§ **WHAT IS BEING ASKED**: Write each line of the material exactly as given, from the top through the line that contains "In essence, this", and omit all pictures.

§ **DATASET CONTENT**:
┌──

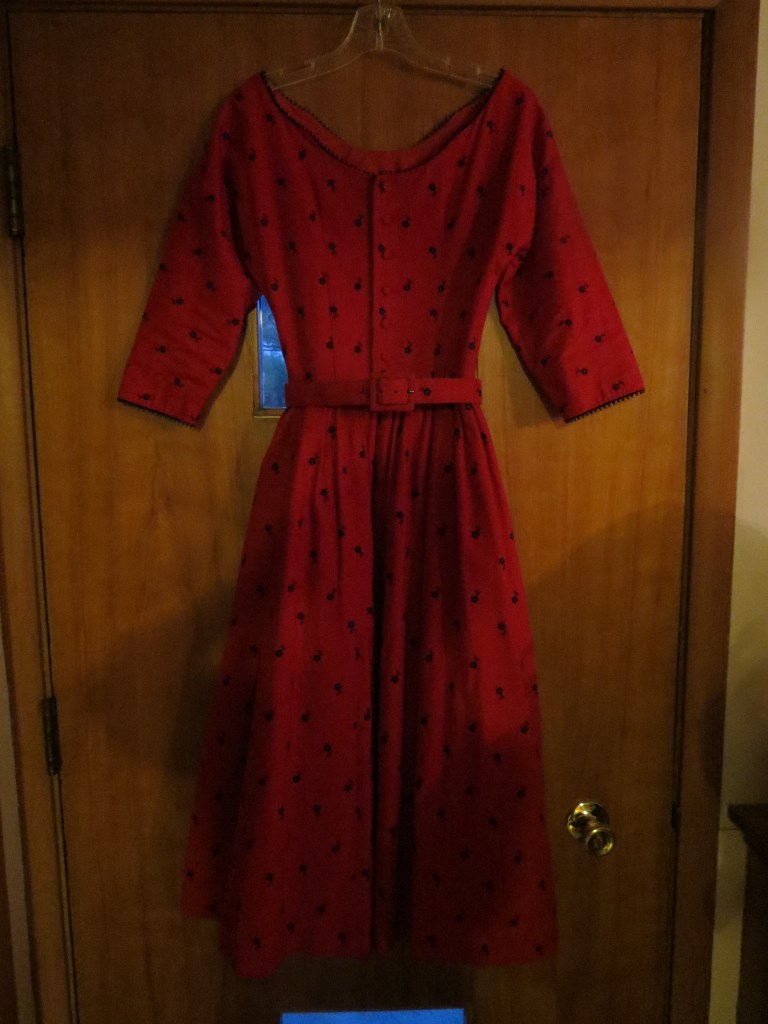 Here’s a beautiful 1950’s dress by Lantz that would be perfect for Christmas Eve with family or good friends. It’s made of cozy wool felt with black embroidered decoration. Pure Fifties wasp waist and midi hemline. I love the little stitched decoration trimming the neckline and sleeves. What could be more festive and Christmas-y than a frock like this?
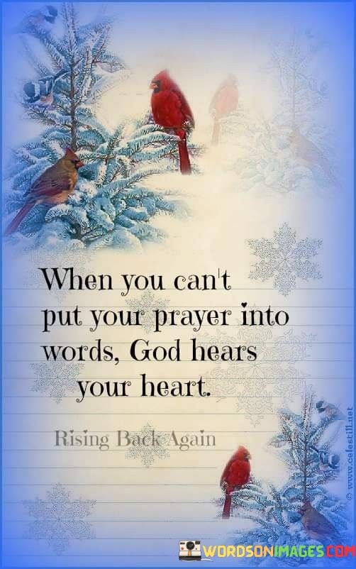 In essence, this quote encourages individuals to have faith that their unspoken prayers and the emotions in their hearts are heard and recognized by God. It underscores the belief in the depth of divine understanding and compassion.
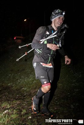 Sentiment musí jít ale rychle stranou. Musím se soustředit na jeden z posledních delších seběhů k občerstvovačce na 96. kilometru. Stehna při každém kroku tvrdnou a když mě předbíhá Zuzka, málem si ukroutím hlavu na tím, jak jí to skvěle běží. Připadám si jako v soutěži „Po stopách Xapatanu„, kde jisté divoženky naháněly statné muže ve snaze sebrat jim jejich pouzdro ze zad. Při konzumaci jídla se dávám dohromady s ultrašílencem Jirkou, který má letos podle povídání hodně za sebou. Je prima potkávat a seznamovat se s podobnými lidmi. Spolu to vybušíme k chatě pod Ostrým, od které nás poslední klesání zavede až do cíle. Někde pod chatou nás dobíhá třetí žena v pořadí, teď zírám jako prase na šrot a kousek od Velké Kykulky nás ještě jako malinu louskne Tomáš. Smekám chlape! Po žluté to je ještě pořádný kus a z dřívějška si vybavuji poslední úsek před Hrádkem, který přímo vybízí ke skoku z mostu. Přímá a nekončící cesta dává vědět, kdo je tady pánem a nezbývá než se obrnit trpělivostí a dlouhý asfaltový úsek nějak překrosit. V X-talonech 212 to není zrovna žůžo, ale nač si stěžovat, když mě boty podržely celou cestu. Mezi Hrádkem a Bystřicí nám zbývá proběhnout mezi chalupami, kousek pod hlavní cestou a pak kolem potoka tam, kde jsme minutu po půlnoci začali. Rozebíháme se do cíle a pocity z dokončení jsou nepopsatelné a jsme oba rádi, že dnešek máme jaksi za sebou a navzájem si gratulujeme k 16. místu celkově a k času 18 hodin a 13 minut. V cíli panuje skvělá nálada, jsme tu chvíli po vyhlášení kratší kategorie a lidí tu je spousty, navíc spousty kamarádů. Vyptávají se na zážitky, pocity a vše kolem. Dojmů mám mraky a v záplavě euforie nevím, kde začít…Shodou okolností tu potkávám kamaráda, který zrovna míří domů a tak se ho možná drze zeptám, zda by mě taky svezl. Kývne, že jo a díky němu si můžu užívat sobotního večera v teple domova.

└──

§ **ANSWER TO THIS EXERCISE**:
 Here’s a beautiful 1950’s dress by Lantz that would be perfect for Christmas Eve with family or good friends. It’s made of cozy wool felt with black embroidered decoration. Pure Fifties wasp waist and midi hemline. I love the little stitched decoration trimming the neckline and sleeves. What could be more festive and Christmas-y than a frock like this?
 In essence, this quote encourages individuals to have faith that their unspoken prayers and the emotions in their hearts are heard and recognized by God. It underscores the belief in the depth of divine understanding and compassion.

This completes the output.